Le stesse circostanze rilevavano inoltre ai fini della richiesta protezione umanitaria.

La doglianza del ricorrente è completamente generica e sconfina evidentemente nel merito delle valutazioni delle acquisizioni istruttorie, insindacabile in sede di legittimità.

Nè il Tribunale si è sottratto al c.d. “dovere di collaborazione istruttoria”, sancito dal D.Lgs. n. 25 del 2008, art. 8, comma 3, secondo cui ciascuna domanda deve essere esaminata alla luce di informazioni precise e aggiornate circa la situazione generale esistente nel Paese di origine dei richiedenti asilo e, ove occorra, dei Paesi in cui questi sono transitati, richiamato dall’art. 35 bis, comma 9, dello stesso decreto, secondo il quale per la decisione il giudice si avvale anche delle predette informazioni aggiornate sulla situazione socio-politico-economica del Paese di provenienza.

Il provvedimento impugnato indica infatti quale fonte informativa un rapporto di Amnesty International del 2018.

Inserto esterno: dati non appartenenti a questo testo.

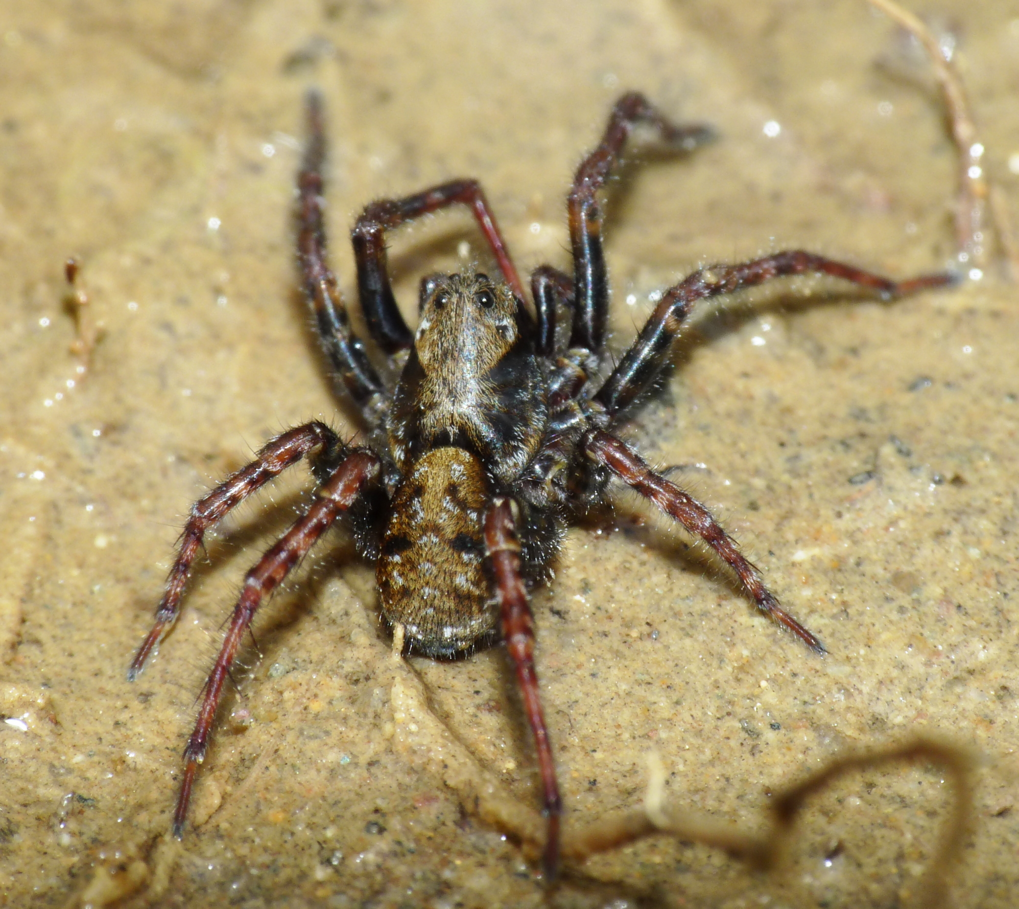 Arctosa leopardus, near Livorno, Tuscany, Italy

2. Il ricorso deve quindi essere dichiarato inammissibile.

Nulla sulle spese in difetto di costituzione dell’Amministrazione.

Poichè risulta soccombente una parte ammessa alla prenotazione a debito del contributo unificato per essere stata ammessa al Patrocinio a spese dello Stato non sussistono, allo stato, i presupposti processuali per il versamento, da parte del ricorrente, dell’ulteriore importo a titolo di contributo unificato pari a quello dovuto per il ricorso, a norma del D.P.R. n. 115 del 2002, art. 13, comma 1 quater, inserito dalla L. n. 228 del 2012, art. 1, comma 17, sempre che l’ammissione del ricorrente al patrocinio a spese dello Stato non risulti revocata dal giudice competente.

P.Q.M.

La Corte:

dichiara inammissibile il ricorso.

Ai sensi del D.P.R. n. 115 del 2002, art. 13, comma 1 quater, inserito dalla L. n. 228 del 2012, art. 1, comma 17, dà atto che non sussistono, allo stato, i presupposti processuali per il versamento, da parte del ricorrente, dell’ulteriore importo a titolo di contributo unificato pari a quello dovuto per il ricorso, a norma dello stesso art. 13, comma 1-bis, sempre che l’ammissione del ricorrente al patrocinio a spese dello Stato non risulti revocata dal giudice competente.

Così deciso in Roma, nella Camera di consiglio della Sezione Prima Civile, il 31 ottobre 2019.